The Unilever Pension Fund has introduced an online initiative using example members to help savers plan their benefits, ahead of a clarification on the distinction between advice and guidance from the Financial Conduct Authority, HM Treasury and the Pensions Regulator.
In their winter newsletter, trustees of the consumer goods giant’s scheme announced ‘People Like U’, an online segmented information tool that helps plan benefits by looking at example members in similar circumstances.
The website points members towards investment modellers and workshops explaining their possible income requirements at retirement.
At the moment I’d say trustees are very cautious about it, and they tend to shy away from anything that they think might even head towards advice
Lynda Whitney, Aon Hewitt
Experts said some trustees have been cautious about implementing guidance initiatives such as People Like U because they are wary of straying into the domain of advice.
“Guidance will tell you what you could do but should never tell you what you should do,” said Jonathan Watts-Lay, director at advisory firm Wealth at work.
He added that while trustees are liable for any advice they give themselves, they are not liable for or prohibited from giving members access to regulated advisers.
But Karen Partridge, head of UK and Australia client services at communications specialist AHC, said segmented information resources can still be helpful, because they reassure savers that others in their demographic are considering the same issues.
“I don’t think they are necessarily looking for advice,” she said. “An affirmation of what they are thinking is very often what they are after.”

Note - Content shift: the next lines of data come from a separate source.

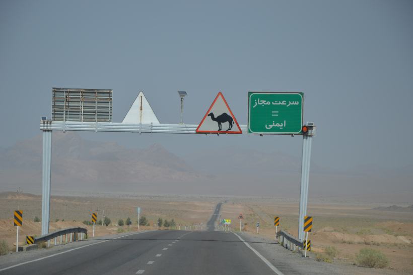 Sur la route de Yazd, on a commencé à prendre la mesure des grands déserts de l’est iranien. Des paysages de caillasses, des lacs asséchés à perte de vue, des montagnes à l’horizon et de très très longues lignes droites.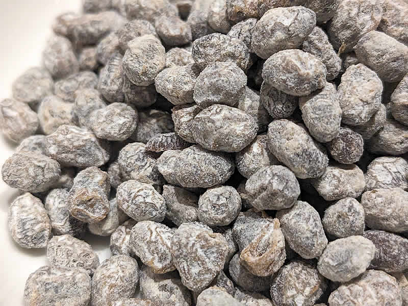 食感というか干し具合は干しレーズンぐらいと申しましょうか、カリカリでは無く、外側は乾いてて触りやすく内側はしっとりと噛みやすいのでご年配の方でも安心して召し上がって頂けると思います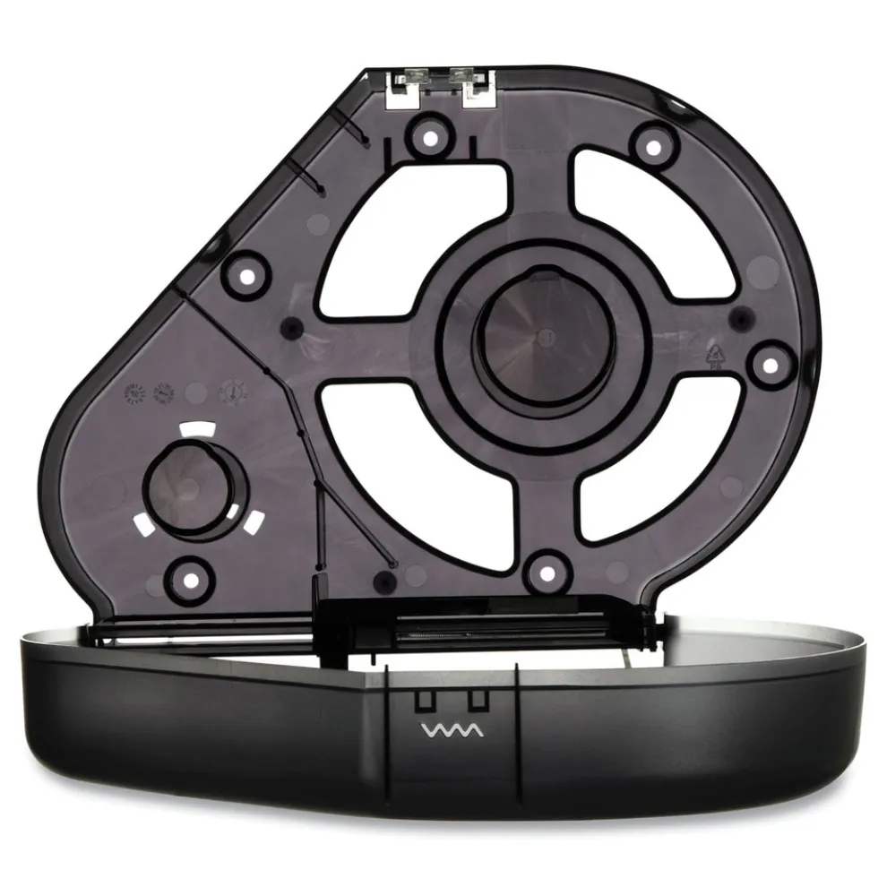 Toilet tissue dispenser eliminates stub roll waste and ensures the continual availability of paper through the Infinity System, which protects the primary roll until the stub roll is used up. Conveniently universal, dispensing any quality or brand of toilet tissue. Attractive, flowing wave design built into the plastic makes it aesthetically pleasing. Dispenser is tough, with break-resistant plastic construction. A replaceable finger lock helps keep it secure.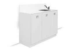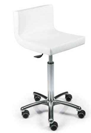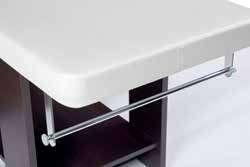 ■ Puesto de trabajo con repisa de acero inoxidable. Estructura de pvc con acabado latón o negro brillante. Sin reposapiés.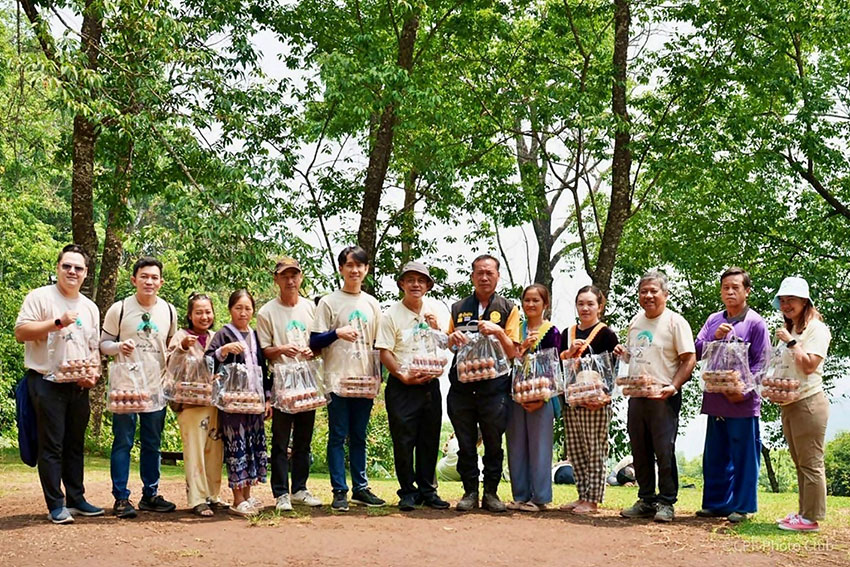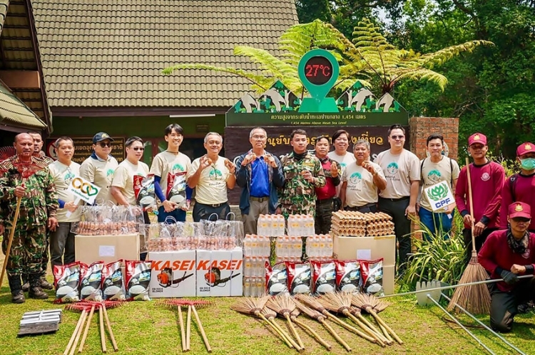 หลังภารกิจเสร็จสิ้น ตัวแทนสมาชิกชมรมฯ ได้มอบไข่ไก่ แทนคำขอบคุณชุมชนชาวม้ง บ้านขุนช่างเคี่ยน พร้อมกับนำเงินที่สมาชิกชมรมฯ ได้ร่วมสมทบในการจัดซื้ออุปกรณ์การทำแนวป้องกันไฟและดับไฟป่า อาทิ เครื่องเป่าลม คราดสปริง ไม้กวาด พร้อมมอบผลิตภัณฑ์อาหารซีพี ทั้งไข่ไก่ ข้าวตราฉัตร และน้ำดื่ม สนับสนุนการทำงานเป็นกำลังใจแก่เจ้าหน้าที่และอาสาสมัครชุมชน โดย นายฤทธิชัย ภูมิอมร ผู้อำนวยการอาวุโส ธุรกิจผลิตและขายอาหารสัตว์บกภาคเหนือ เป็นผู้แทนส่งมอบให้กับ หัวหน้าธงชัย นาราษฎร์ หัวหน้าอุทยานดอยสุเทพ-ปุย
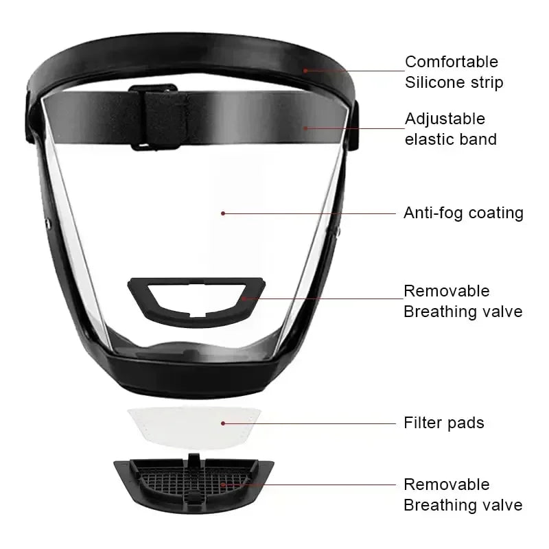 - Complete Protection: Safeguards eyes, nose, and mouth from multiple hazards.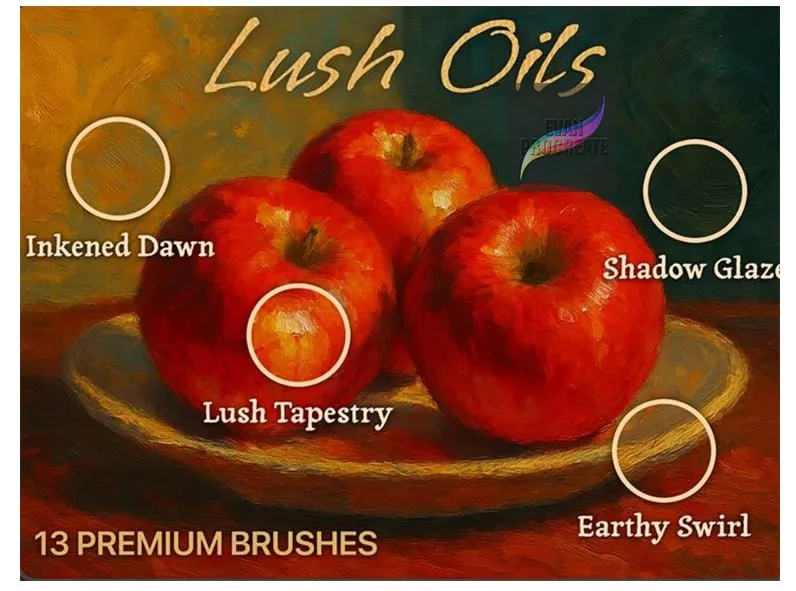 As demonstrated by the stunning still life of apples in the preview, these 13 premium brushes allow you to build up rich layers of color that look wet and heavy. The set includes specialized tools like “Lush Tapestry” for creating bold, textured strokes that mimic the weave of canvas, and “Shadow Glaze” for adding subtle, transparent depth to your darker values.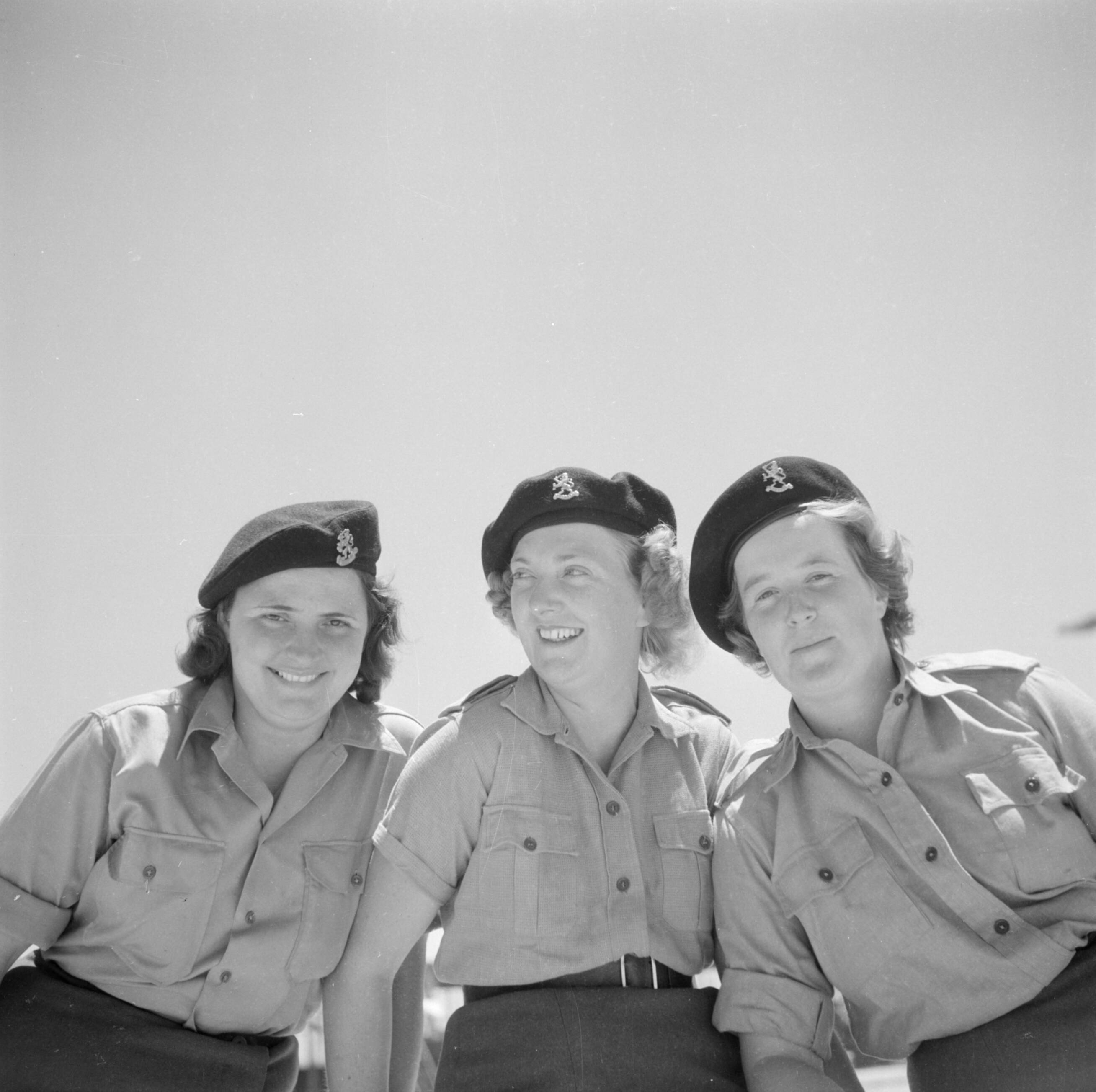Drie leden van het Vrouwen Hulp Korps in Ataka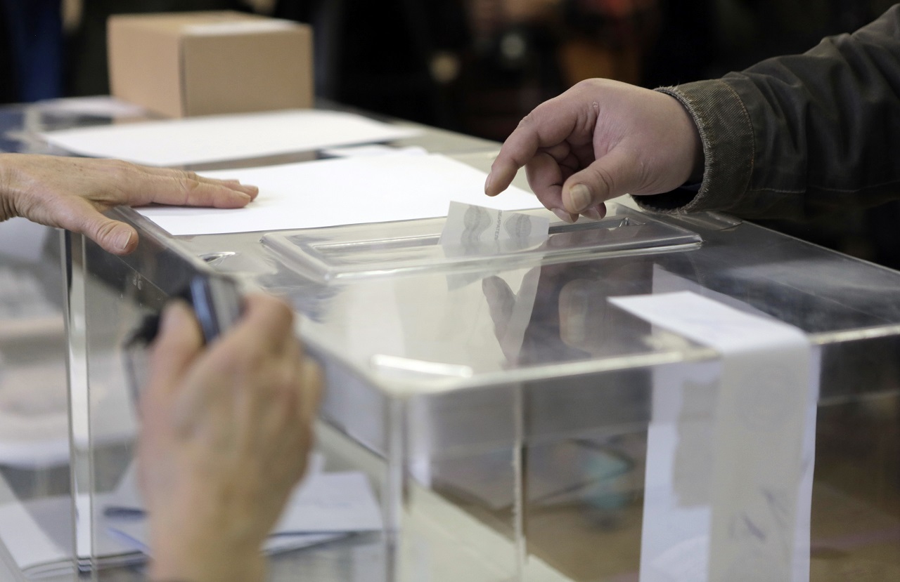 Na snímke volič vkladá obálku s hlasovacími lístkami do volebnej schránky počas predčasných parlamentných volieb v bulharskej Sofii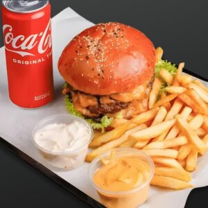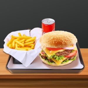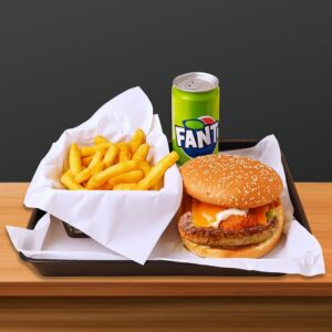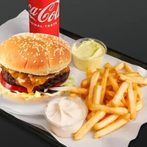 • 1 Cheese Burger • Pommes frites • 1 alkoholfreies Getränk 0,33l nach Wahl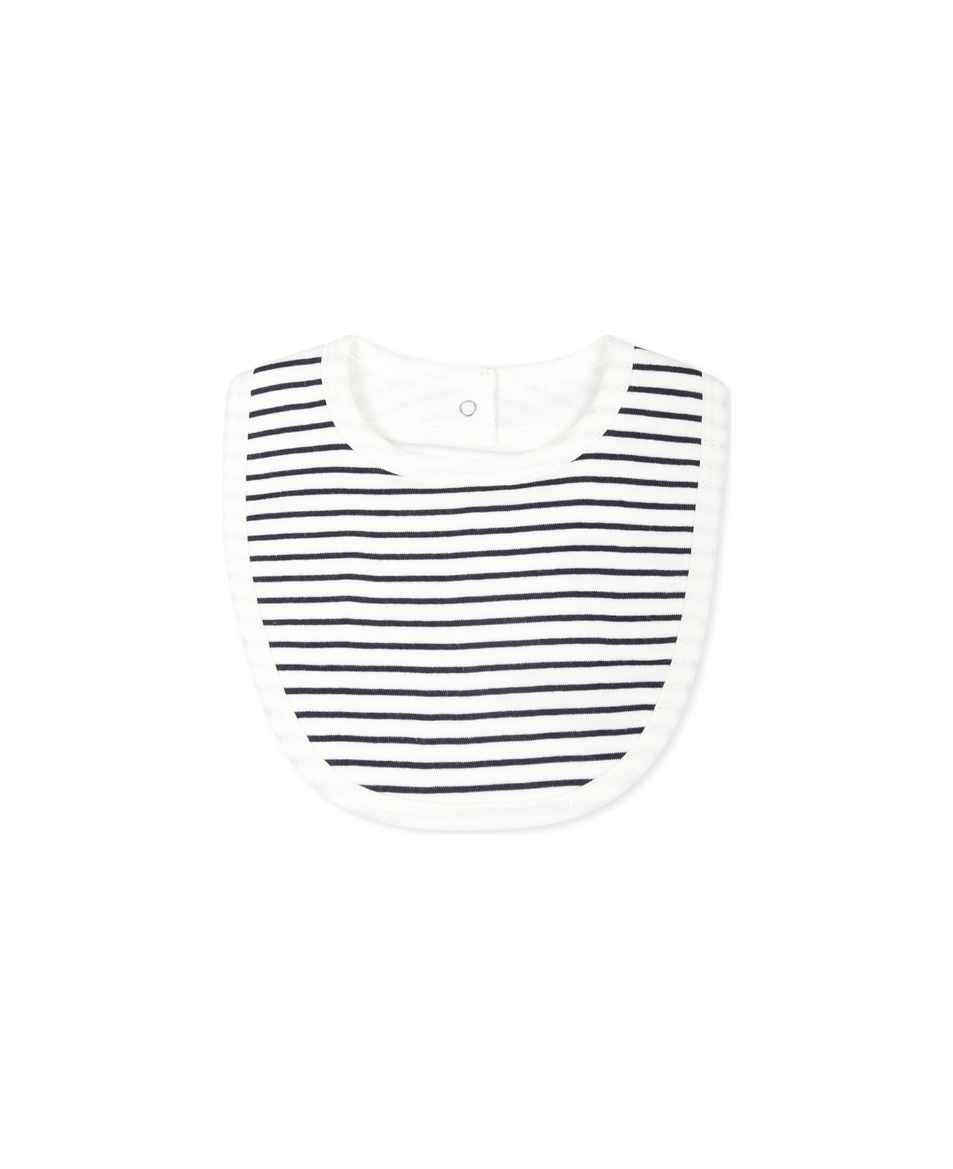 White organic cotton bib, with automatic button closure on the back, embellished with a blue striped motif.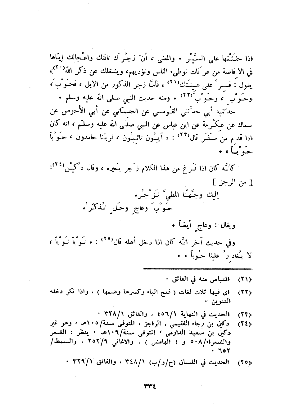 اذا حثثتها على السّير. وَالْمعْنَى أَن زجرك نَاقَتك واعجالك اياها فِي الافاضة من عَرَفَات توطىء النَّاس وتؤذيهم ويشغلك عَن ذكر الله يوقل: فسر على هينتك فَأَما زجر الذُّكُور من الأبل فحوب وحوب وحوب. وَمِنْه حَدِيث النبى صلى الله عَلَيْهِ وَسلم حَدَّثَنِيهِ أبي حَدثنِي القومسي عَن الْحمانِي عَن أبي الْأَحْوَص عَن سماك عَن عِكْرِمَة عَن ابْن عَبَّاس عَن النبى صلى الله عَلَيْهِ وَسلم انه كَانَ اذا قدم من سفر قَالَ: آيبون تائبون لربنا حامدون حوبا حوبا.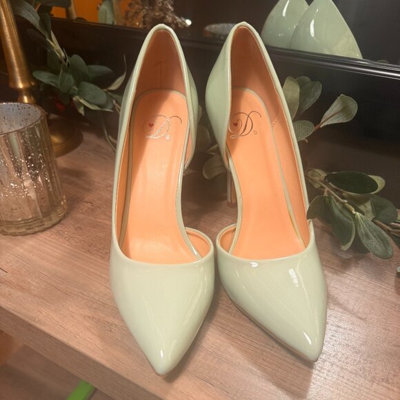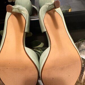 Chic, feminine, and timeless these mint green patent leather heels are the perfect statement shoe.

She added that schemes concerned about giving advice should focus on education rather than tailored solutions.
“Choice is fairly key, giving people a range of options, and perhaps, if you were going to go as far as to show demographic tends, [giving] them the whole picture,” she said.
Regulators give support
In its March Financial Advice Market Review, the FCA and Treasury pledged their support for scheme providers seeking to give in-depth guidance to members.
They recommended: “The FCA and The Pensions Regulator should develop and promote a new factsheet to set out what help employers and trustees can provide on financial matters without being subject to regulation.”
The recommendation is currently being considered by the regulator, with no release date announced yet.
The FCA and Treasury also recommended a redefinition of advice in line with the European Union's definition set out in the Markets in Financial Instruments directive, and support for “services that help consumers making their own investment decisions without a personal recommendation”.
The previous definition was partially based on the principle that “if someone thinks they’ve had advice, they’ve had advice”, according to Watts-Lay.
Lynda Whitney, partner at Aon Hewitt, welcomed the proposed clarification of the FCA’s advice definition, saying it would encourage wary schemes to follow Unilever’s example.
“At the moment I’d say [trustees] are just very cautious about it, and they tend to shy away from anything that they think might even head towards advice,” she said.
“If, by clarifying the definition of guidance versus advice, they can give employers and trustees the comfort that says, ‘You’re not going to be thought to be stepping over the line by doing this’ then the better that would be.”
Decumulation requires advice
Automated advice solutions, or robo-advice, were also supported by the FAMR and are increasingly touted by industry figures as a way of delivering advice at lower cost.
“It does have the ability to ask some simple questions around the amount of risk people want to take and to give them funds that are of an appropriate risk level,” said Whitney.
But experts agreed that neither segmented guidance nor robo-advice in its current form are suited to complex issues like pension freedoms.
Watts-Lay said most savers do not need regulated advice while they are still accumulating their benefits, and could rely on guidance initiatives.
“When it comes to decumulation then I’d say most people probably do need advice, particularly with freedom of choice.”